What in the A Fall from Grace is this?! A Georgia pastor and his first lady have been arrested and charged for false imprisonment after holding eight people locked up in their basement, reported NBC. The Griffin Police Department said Curtis Keith Bankston and Sophia Simm-Bankston were running an ‘unlicensed group home’ in their house under the disguise of a church program named ‘One Step of Faith 2nd Chance.’
Per the One Step of Faith Ministries website, Pastor Bankston is dedicated to giving back to the community by feeding the hungry, housing the homeless and clothing the naked. His wife’s mission is to help homeless get off the street and back into the workforce. Maybe they had good intentions?
Griffin Fire last week responded to a call about someone having a seizure at the home and noticed a deadbolt on the basement door, according to police. Crews had to climb through a window to reach the patient.
Investigators determined the people in the basement, all with mental or physical disabilities, or both, were “essentially imprisoned against their will, which created an extreme hazard as the individuals could not exit the residence if there were an emergency,” police said.
The Bankstons controlled the finances, medications and public benefits of the people they were keeping in the basement and had sometimes denied them their medications and medical care, according to police.
NBC reported the people held captive were between the ages of 25 and 65, five of them being wards of the state. They have been placed into housing by the Georgia Department of Human Services. “It is both frightening and disgusting to see the degree to which these individuals have been taken advantage of by people who were in a position of trust,” said the police via NBC.

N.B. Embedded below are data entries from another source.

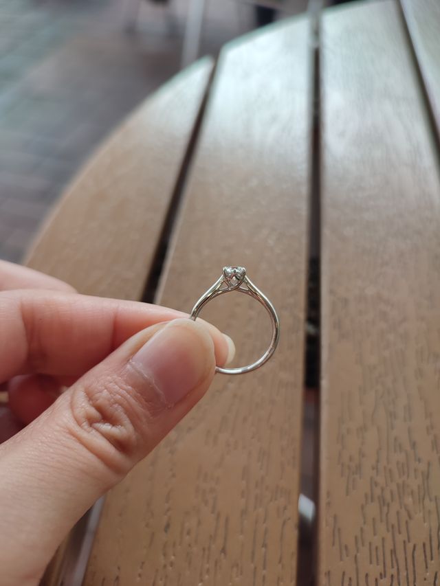 良い石を選んでもらったので活かせるようシンプルで爪がしっかりしているけれど、横からと上から見た形が気にいったものを選びました。
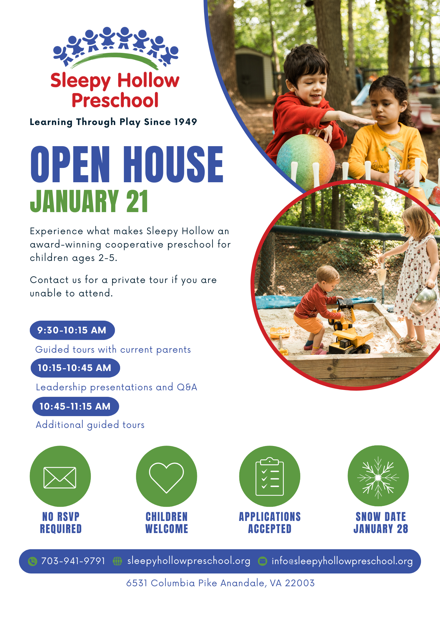 You're invited to our annual OPEN HOUSE on Wednesday, January 21, 2026 @ 9:30 a.m. Guided tours with current parents will be followed by an info session with the director. No RSVP necessary and children are welcome to attend. Applications will be accepted for the 2026-27 school year. We look forward to seeing you there!
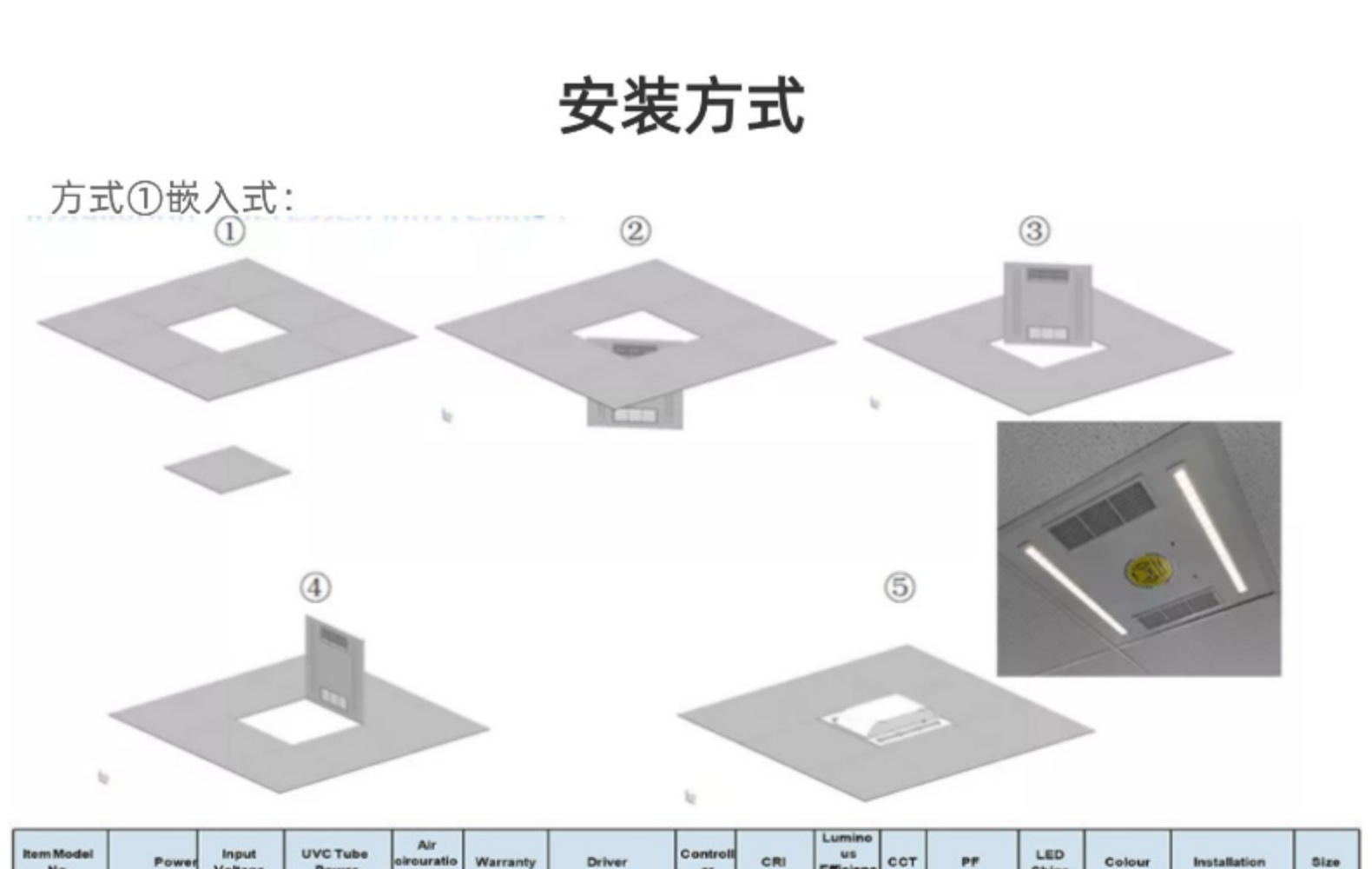 • 安装方式 吸顶式、天花嵌入式、支架式、悬吊式、明装
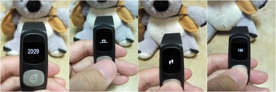 HeHa手环的小小液晶屏上,可以显示时间、心率、记步、距离、运动时间、消耗热量以及电池电量,每按一下金属按钮切换一次功能项。

Bankston’s attorney Dexter Wimbish said the police misunderstood the situation, according to NBC. “First, One Step of Faith 2nd Chance Ministries has not been operating a group home but a Christian Ministry that supplies room and board to individuals who have oftentimes been homeless or wards of the state,” Wimbish said via NBC. Wimbish also claimed everyone was free to come and go as they pleased and admitted the Bankstons did not have legal permissions to use their home for this operation.
“You’re not talking about somebody profiting off of the backs of the poor, you’re talking about somebody who’s actually doing what God commanded us to do—go out into the byways and the highways, spread his message, and feed individuals and clothe individuals. He’s doing what his God has called him to do,” Wimbish said.
“We’re going to fight it with everything that we have,” Wimbish said of the charges. “There is no intention to have a plea. They have not done anything wrong. Their community is standing behind them. Their family’s standing behind them.”
NBC reported the Bankstons will most likely face additional charges. It feels like there were other, legal and safer alternatives to helping the needy than these. What will be telling is the testimonies from the people who were saved.